Although Burr and the other members are already doing some habitat work on their hunting properties, they felt like putting more effort into predator control would also help. “A friend of mine started trapping a few years ago on his property here in Missouri,” Burr explained, “and in just two years, the number of mature gobblers on that farm has tripled.”

Once the event was planned, group members shared the information on their social media pages to help spread the word. Unfortunately, they started receiving criticism from hunters and trappers on their posts for holding a species-specific hunt that kills one species to benefit another. This caught the attention of Turkeys for Tomorrow (TFT). 

“A lot of the country might not have a raccoon problem. But, unfortunately, many people don’t consider that just because something isn’t happening in their area doesn’t mean it’s not happening elsewhere,” explained Chase Grubbs, TFT Director of Operations. “I grew up in Virginia, and we don’t have an overwhelming population of raccoons there. But I moved to Iowa after college, and there is a problem there. If you put a trail camera up on a cornfield, it’s common to have 20 raccoons in a photo. People in the Midwest probably see the same thing on their trail cameras. But I can see where people who don’t have a lot of raccoons may have a negative view of these hunts.” 

Turkeys for Tomorrow Steps In

This prompted TFT to get involved as a sponsor of the Save the Turkeys hunt. Through research that TFT has helped fund, there is evidence that although habitat management is crucial to turkey population success, predator management may be a necessary tactic, also. The latest research by Drs. Craig Harper and David Buehler, both with the University of Tennessee, indicates relatively low nest success and poult survival is likely a result of predation, and certain levels of predation may limit a population. 
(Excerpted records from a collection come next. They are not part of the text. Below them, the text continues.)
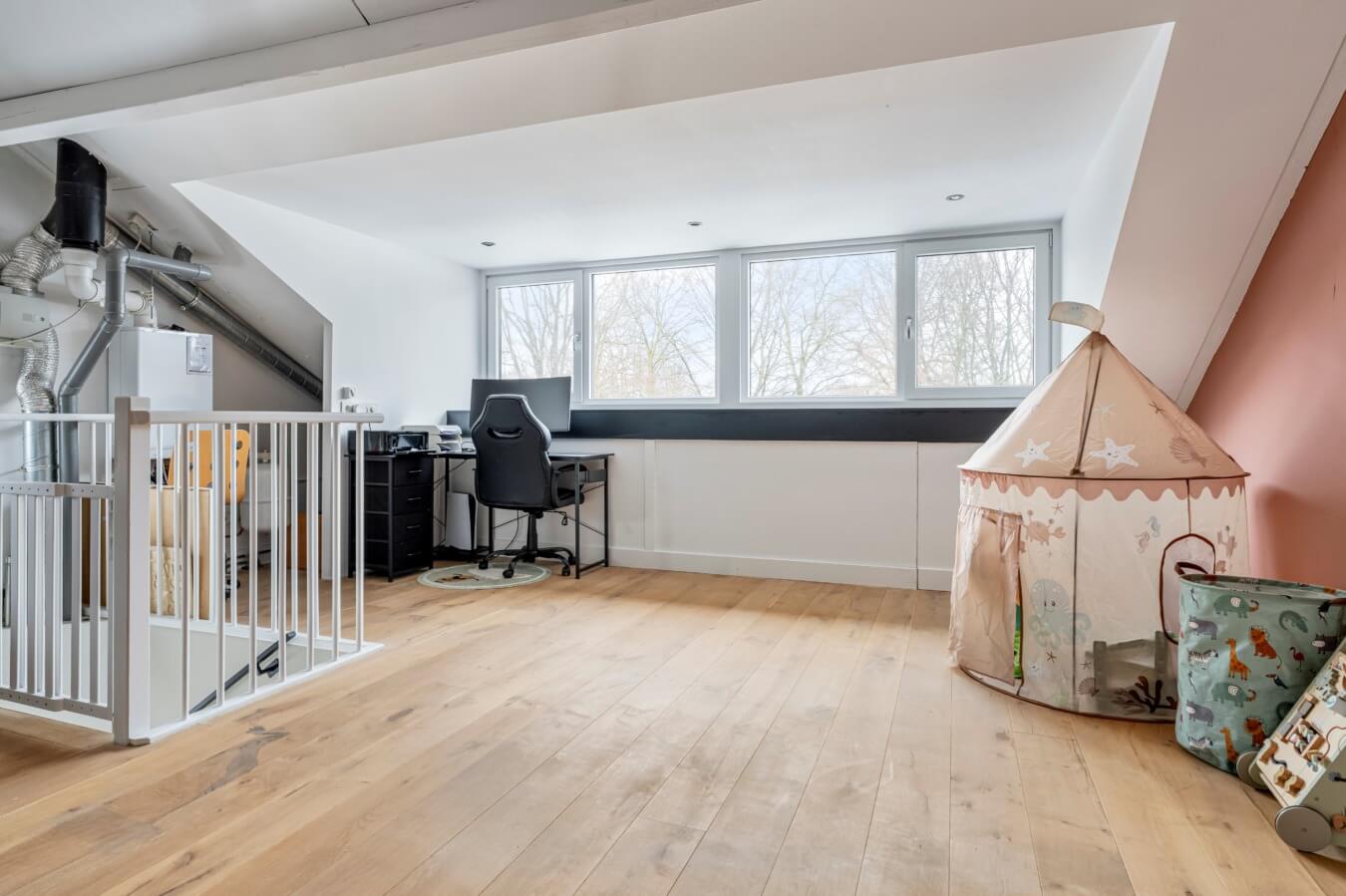 Op de tweede verdieping van de woning vind je de grote, nette en open zolder vol mogelijkheden. De mooie kamer met recent geplaatste dakkapel (2025) kan dienen als een geweldige vierde slaapkamer, maar is bijvoorbeeld ook zeer geschikt als hobby-, logeer-, of werkzolder. Of wilde je altijd al een eigen mancave?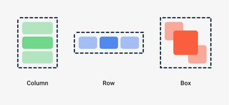 Основными layout в Jetpack Compose являются Box, Row, Column. Также Compose позволяет использовать аналоги Constraint Layout. Все эти компоненты inline Composable – функции. Это значит, что другие Composable функции могут быть вызв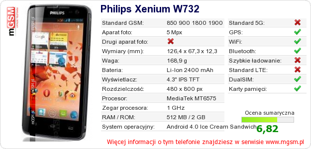Dane telefonu Philips Xenium W732 na Twojej stronie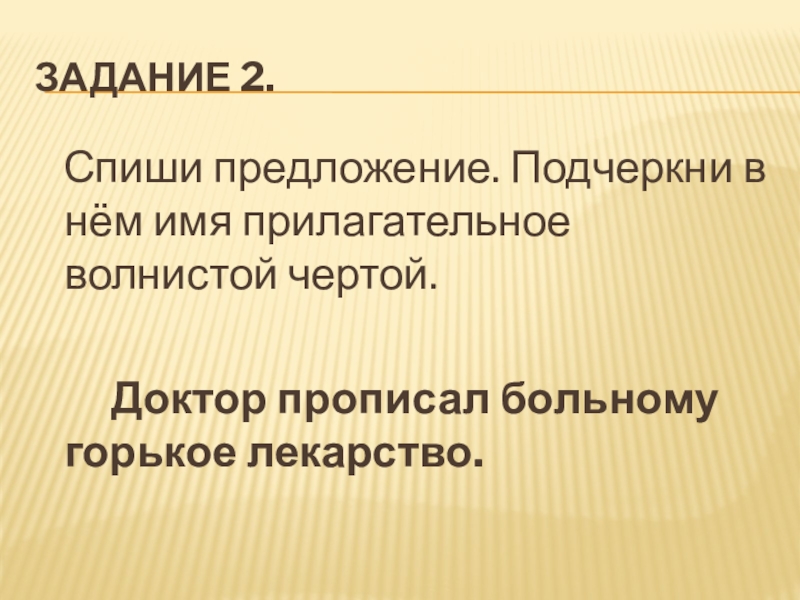 Задание 2.  Спиши предложение. Подчеркни в нём имя прилагательное волнистой чертой.    Доктор прописал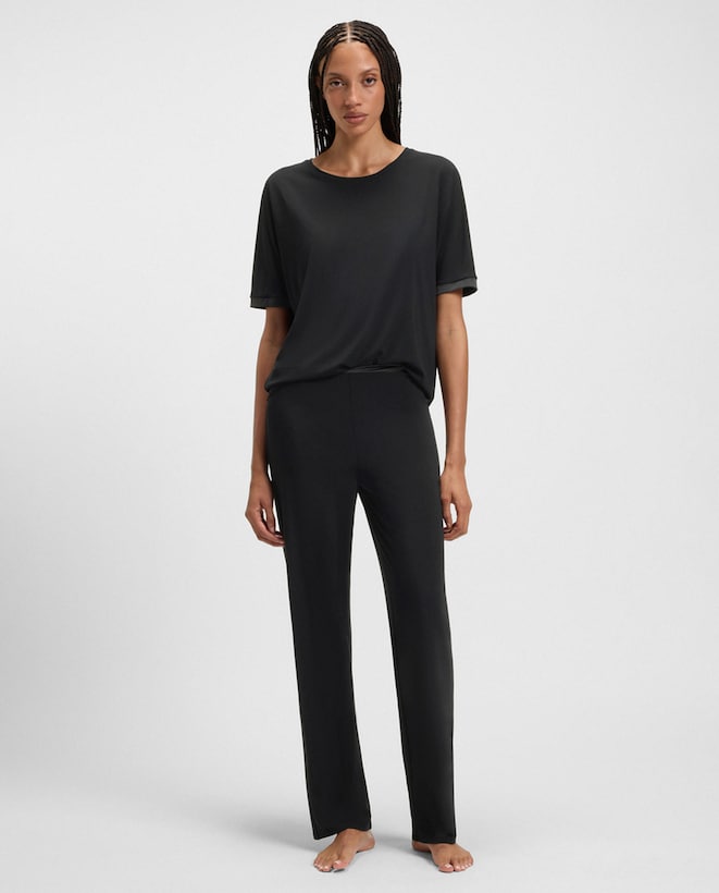 BossCalças em Veludo Suave com Perna Regular - Cru Bainha Elástica. Atacadores de Cetim com Monograma Brilhante. Placa Dourada.Adicionar

“This study confirms what we’ve long believed. Predators can limit turkey reproduction and recruitment into the fall population. Predator numbers likely are at an all-time high, and they are eating turkey eggs and turkey poults at an alarming rate,” said Ron Jolly, co-chairman of Turkeys For Tomorrow, “The Tennessee study is documenting just how much pressure predators are putting on turkey survival.”

Although that research was in Tennessee, hunters in Missouri see the same thing. With the raccoon hunt, Burr’s goal was to bring some attention to the population imbalance and do something in addition to the habitat work he was already doing. While the group only anticipated about 15 teams for the tournament, the hunting community came together, and 24 teams participated. For the weekend, they registered 990 animals: 40 skunks, 30 opossums, and 920 raccoons. 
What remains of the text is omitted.